▶ _WHAT TO DO_: Restate all of the records below exactly. Do not carry over any image.

···

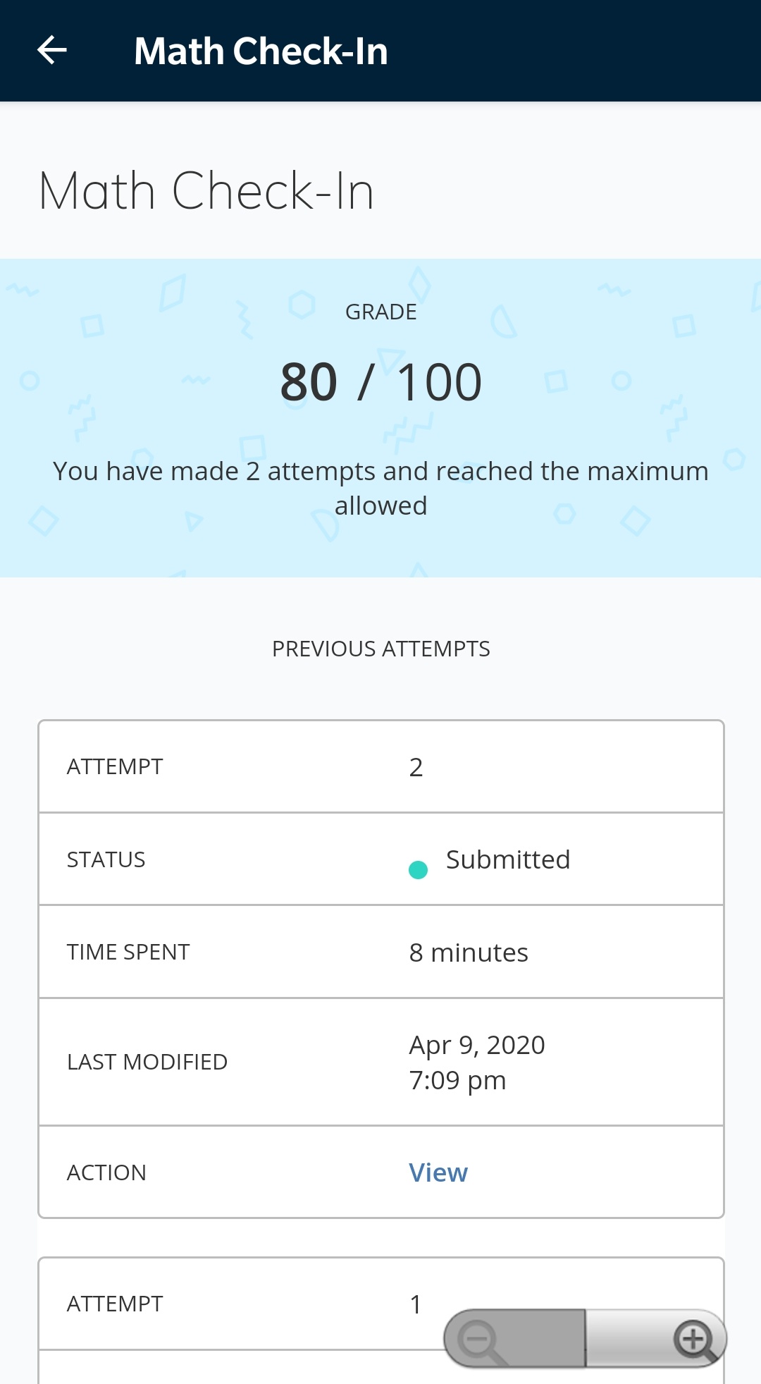 En la página de la evaluación, puede ver sus calificaciones y las entregas calificadas, o bien puede reanudar cualquier intento que aún se encuentre en progreso.
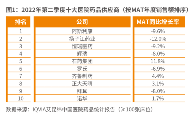 以季度销售额和MAT销售额排名,AZ仍位列企业排名第一,但它也是下滑最多的跨国药企,按MAT年度销售额计算,2022年第二季度AZ下滑了9.6%。
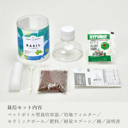 セパレート型のペットボトルで、土を使わないで野菜やハーブを育てる水耕栽培セットです。土を使わない水耕栽培のため、お部屋の中で簡単・清潔に野菜やハーブの栽培を楽しめます。
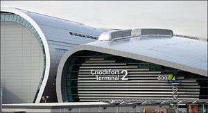 Dublin Airport Terminal 2 (T2) is a three story curvilinear building that sits astride the main access road to Terminal 1.
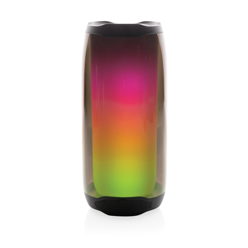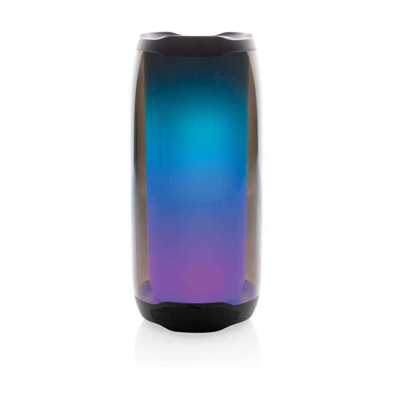 Mimořádně výkonný 10 W reproduktor s efektním 360° RGB světlem. Díky svému provedení poskytuje výjimečně čistý zvuk do všech směrů. Baterie s kapacitou 1800 mAh pro poslech po dobu až 6 hodin. Plné nabití za 4 hodiny. Mikrofon pro telefonování, slot na paměťové karty, AUX a USB port. BT 5.0 pro bezproblémové bezdrátové připojení na vzdálenost až 10 m. Vyrobeno z RCS recyklovaného ABS/PS plastu. RCS (Recycled Claim Standard) je globální standard, který umožňuje ověřit použití recyklovaného materiálu v produktu napříč celým dodavatelským řetězcem. Celkový podíl recyklátu dle váhy produktu: 39%. Včetně nabíjecího kabelu z recyklovaného TPE. Kompletně bez PVC. Baleno v FSC dárkové krabičce.
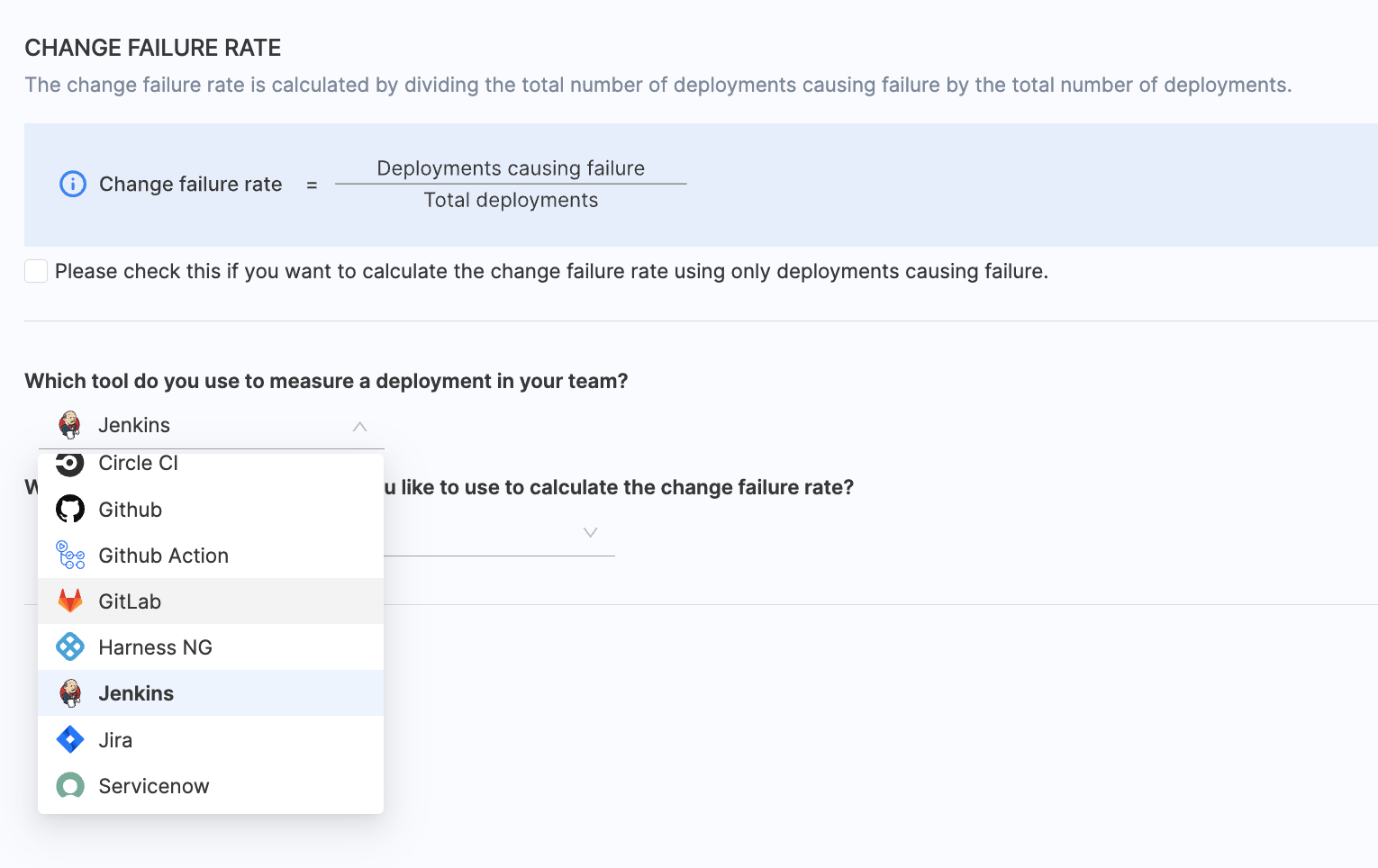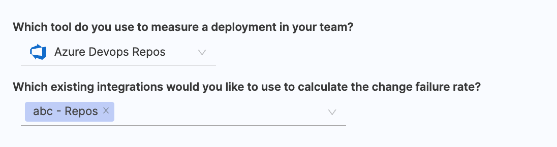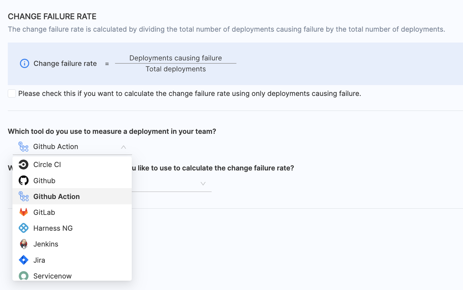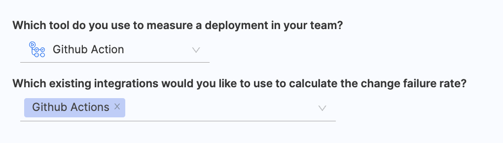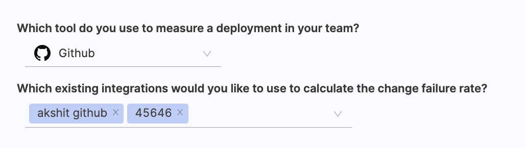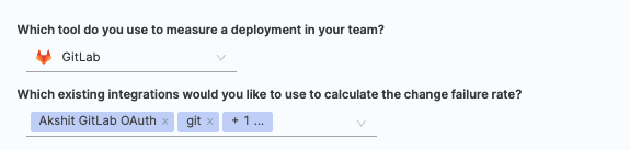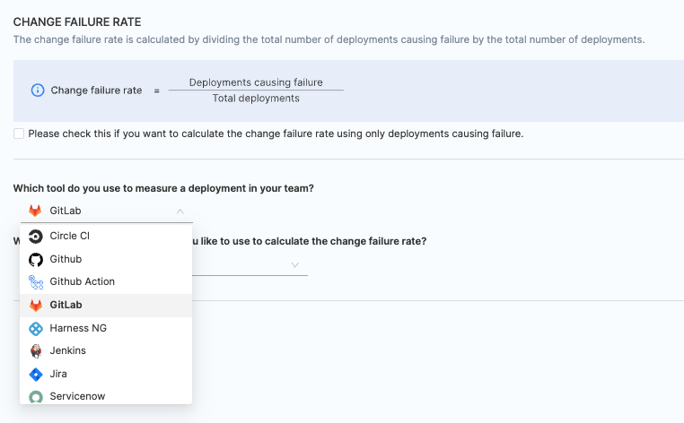 - Choose any existing integrations you want to utilize for calculating the change failure rate.

···

▶ _WRITTEN RESPONSE_:
 En la página de la evaluación, puede ver sus calificaciones y las entregas calificadas, o bien puede reanudar cualquier intento que aún se encuentre en progreso.
 以季度销售额和MAT销售额排名,AZ仍位列企业排名第一,但它也是下滑最多的跨国药企,按MAT年度销售额计算,2022年第二季度AZ下滑了9.6%。
 セパレート型のペットボトルで、土を使わないで野菜やハーブを育てる水耕栽培セットです。土を使わない水耕栽培のため、お部屋の中で簡単・清潔に野菜やハーブの栽培を楽しめます。
 Dublin Airport Terminal 2 (T2) is a three story curvilinear building that sits astride the main access road to Terminal 1.
 Mimořádně výkonný 10 W reproduktor s efektním 360° RGB světlem. Díky svému provedení poskytuje výjimečně čistý zvuk do všech směrů. Baterie s kapacitou 1800 mAh pro poslech po dobu až 6 hodin. Plné nabití za 4 hodiny. Mikrofon pro telefonování, slot na paměťové karty, AUX a USB port. BT 5.0 pro bezproblémové bezdrátové připojení na vzdálenost až 10 m. Vyrobeno z RCS recyklovaného ABS/PS plastu. RCS (Recycled Claim Standard) je globální standard, který umožňuje ověřit použití recyklovaného materiálu v produktu napříč celým dodavatelským řetězcem. Celkový podíl recyklátu dle váhy produktu: 39%. Včetně nabíjecího kabelu z recyklovaného TPE. Kompletně bez PVC. Baleno v FSC dárkové krabičce.
 - Choose any existing integrations you want to utilize for calculating the change failure rate.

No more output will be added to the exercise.